[ckan-discuss] Article about DGU

Sean Hammond sean.hammond at okfn.org
Thu Aug 2 11:39:40 BST 2012


> Here is a really interesting article about data.gov.uk and the value
> of the data it contains:
> 
> http://www.bbc.co.uk/news/uk-politics-19065913
> 
> "The government estimates four out of five people who visit its
> data.gov.uk website do so without accessing any links to data."
> 
> This is of course caused by several factors, but I wonder what can be
> improved on the CKAN front (UI, UX, visualizations, etc.)

Hmm.
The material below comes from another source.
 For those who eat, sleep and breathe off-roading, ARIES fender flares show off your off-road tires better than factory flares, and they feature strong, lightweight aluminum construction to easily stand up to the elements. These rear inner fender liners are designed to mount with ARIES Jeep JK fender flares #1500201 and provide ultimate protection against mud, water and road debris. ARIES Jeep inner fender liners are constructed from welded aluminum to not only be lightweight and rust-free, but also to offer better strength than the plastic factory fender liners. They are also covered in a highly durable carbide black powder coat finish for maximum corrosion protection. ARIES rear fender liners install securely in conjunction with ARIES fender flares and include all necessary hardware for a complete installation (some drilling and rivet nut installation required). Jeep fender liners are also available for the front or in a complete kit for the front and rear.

I think CKAN has a lot of these kind of features already, but
probably a lot of work can be done to emphasise them more, let people
know that they exist, present them better, make them easier to use. So I
think the main thing that CKAN can do is probably to improve its user
experience.

Seems to me that some of the important things for someone interested in
data on something like data.gov.uk (rather than someone who is using
CKAN to publish data) are:

- Finding interesting data: good categorising, tagging, searching, clear
  UI presentation, being able to find related datasets and other
  interesting stuff once you've found one dataset that you're interested
  in, of course getting interesting and high quality data published
  first is a prerequisite

- Being able to link to datasets and resources, and specific revisions,
  visualisations, etc. thereof

- Being a able to keep track of data as it changes over time, see a
  changelog with diffs, get notifications from activity streams

- Some way to give feedback by commenting on data, flagging up issues,
  etc.

Of course CKAN's user interface and presentation are going to improve a
lot once the work on the new templates comes out.
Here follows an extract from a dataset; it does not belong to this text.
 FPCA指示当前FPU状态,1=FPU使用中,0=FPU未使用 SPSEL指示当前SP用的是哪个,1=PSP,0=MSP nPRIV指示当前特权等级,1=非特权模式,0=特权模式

I think it'd be really cool to do some proper UX testing of CKAN. I've
seen recently that Ubuntu report on lots of UX tests that they do of new
Ubuntu features. They get in a small number of users with varying levels
of experience with computers and with Ubuntu, give them tasks to
complete with Ubuntu, and watch how they do. This seems like a really
good thing to do and seems to have worked well for them. I've done this
sort of thing to test apps that I've developed in the past, it's amazing
the things you can learn that you never would have thought of, but that
seem the most basic and obvious thing in the world as soon as you see
them.

I don't think this necessarily needs to be expensive to do either, all
you need is a few willing volunteers, a room with some computers, and a
plan. I don't think you need to be a user experience or testing expert
to be able to pull this off and learn a lot from it. But it does take
time, especially to pursue the results that you get and follow through
by changing and then re-testing the UI.